Oramed Pharmaceuticals
Ndave Kydron came from a business background—a lawyer with an MBA—but his mother was a scientist who had been working on a specific problem for decades: how to deliver insulin orally instead of through injections. In 2006, she approached him with a breakthrough. She had developed technology that could protect insulin from degradation in the stomach and allow it to pass intact into the liver, the organ that naturally regulates insulin secretion. The potential was massive: almost 10% of the population suffers from diabetes, and the shift from injections to oral delivery would fundamentally change patient experience and compliance.
Kydron worked with the medical center's tech transfer office to license the intellectual property out and started the company in 2006. The technology works by using an "anti-enzyme shield" that protects insulin from the digestive enzymes that would normally break it down. Instead of insulin going straight into the bloodstream (as with injections), oral insulin delivery sends it to the liver first, where it can work more physiologically. The core innovation was the protective mechanism—similar to an M&M shell—that keeps the insulin intact through the digestive tract.
Raising capital for a pre-revenue pharmaceutical company was challenging. Traditional venture investors are uncomfortable with the 15-16 year development timeline and $1 billion average cost to bring a drug to market. Kydron made the unconventional decision to take Oramed public on NASDAQ in 2013, seven years after founding. This gave early investors liquidity while the company continued through FDA trials. The strategy worked: in December 2015, a major Chinese pharmaceutical firm became their first major customer through a private placement, investing $12 million in equity and paying $38 million for exclusive licensing rights in China.
The Chinese partnership validated the technology's potential—they valued the company at approximately $1 billion based on the deal structure. However, the public markets were slower to react, possibly due to bias against China-derived investments and low liquidity in the stock. Kydron noted that while the company was trading around $5 per share, the Chinese partner paid $10.50 per share, creating a disconnect. The illiquidity meant larger institutional investors couldn't enter without dramatically moving the stock price. By Kydron's account, the company is roughly "half private"—public in structure but with concentrated ownership limiting trading volume.

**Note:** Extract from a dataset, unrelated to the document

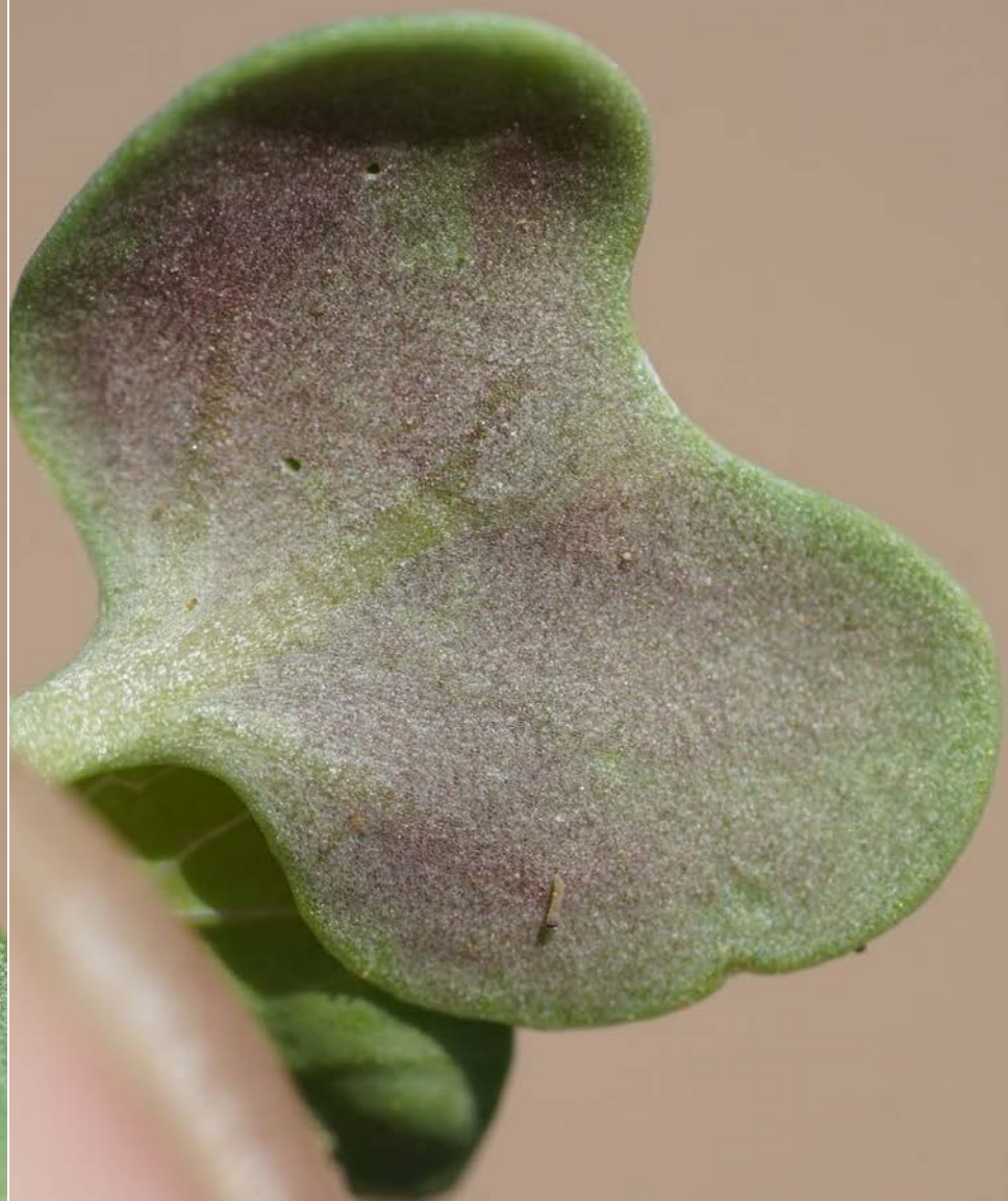
DBM larvae on 4 day old broccoli plant

As of the interview, Oramed had raised over $100 million in total capital (including the Chinese deal) and maintained approximately $50 million in cash on the balance sheet. The company was proceeding through FDA Phase 3 trials, with a major 90-day trial expected to produce results within 10 months. The Chinese FDA process was expected to move faster. Kydron remained cautiously optimistic but clear-eyed: pharma is binary—either the drug gets approved and becomes a major success, or it fails. There's rarely a middle ground of steady moderate revenue. The company was also developing a pipeline beyond insulin, including GLP-1 analogs for weight loss and leptin treatments, and partnering with major pharmaceutical companies to apply their delivery technology to other drugs.

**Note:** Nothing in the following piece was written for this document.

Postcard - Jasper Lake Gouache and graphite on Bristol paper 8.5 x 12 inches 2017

- •The founder's unique combination of legal/business expertise and access to a mother's decades-long scientific breakthrough created a rare opportunity to commercialize an innovation that traditional channels had not yet developed.
- •By going public early (2013) despite pre-revenue status, Oramed gave early investors an exit while gaining balance sheet resources to sustain a capital-intensive 15+ year pharmaceutical development timeline that venture investors typically avoid.

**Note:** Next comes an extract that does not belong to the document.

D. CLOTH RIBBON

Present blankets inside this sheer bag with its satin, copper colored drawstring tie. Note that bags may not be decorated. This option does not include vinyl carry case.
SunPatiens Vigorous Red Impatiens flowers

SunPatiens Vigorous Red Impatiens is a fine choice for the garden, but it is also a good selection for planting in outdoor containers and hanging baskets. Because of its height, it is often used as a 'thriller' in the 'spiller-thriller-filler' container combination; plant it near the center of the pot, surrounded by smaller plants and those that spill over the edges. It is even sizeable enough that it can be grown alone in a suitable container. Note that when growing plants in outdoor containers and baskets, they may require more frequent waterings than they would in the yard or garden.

- •Licensing partnerships with well-capitalized foreign firms (Chinese pharma) proved more viable than traditional VC funding because partners could justify massive upfront payments based on exclusive territorial rights rather than requiring near-term profitability.
- •The founder recognized that pharmaceutical development requires patient capital and long timelines, so he pivoted from traditional fundraising to a hybrid public/partnership model that aligned incentives with stakeholders who could afford to wait for FDA approval.
- 1.If you have deep IP or scientific insights trapped in academic or family networks, formalize relationships with university tech transfer offices to license intellectual property and establish clear ownership before founding the company.
- 2.For capital-intensive businesses with 10+ year development cycles, consider a dual strategy: go public early to provide liquidity and credibility to early investors, then use the public platform to attract strategic partnership deals from larger firms seeking territorial or sector-specific licensing rights.
- 3.Target partnerships with foreign pharmaceutical firms or large corporations in your target market who have balance sheets large enough to pay upfront licensing fees ($10M+) and equity investments; their ability to monetize in their home market justifies payments that pure venture investors cannot justify.
- 4.When traditional institutional capital is unavailable or misaligned with your timeline, structure deals with strategic partners that include both equity stakes and licensing fees tied to specific geographic territories or indications, creating multiple value recognition points.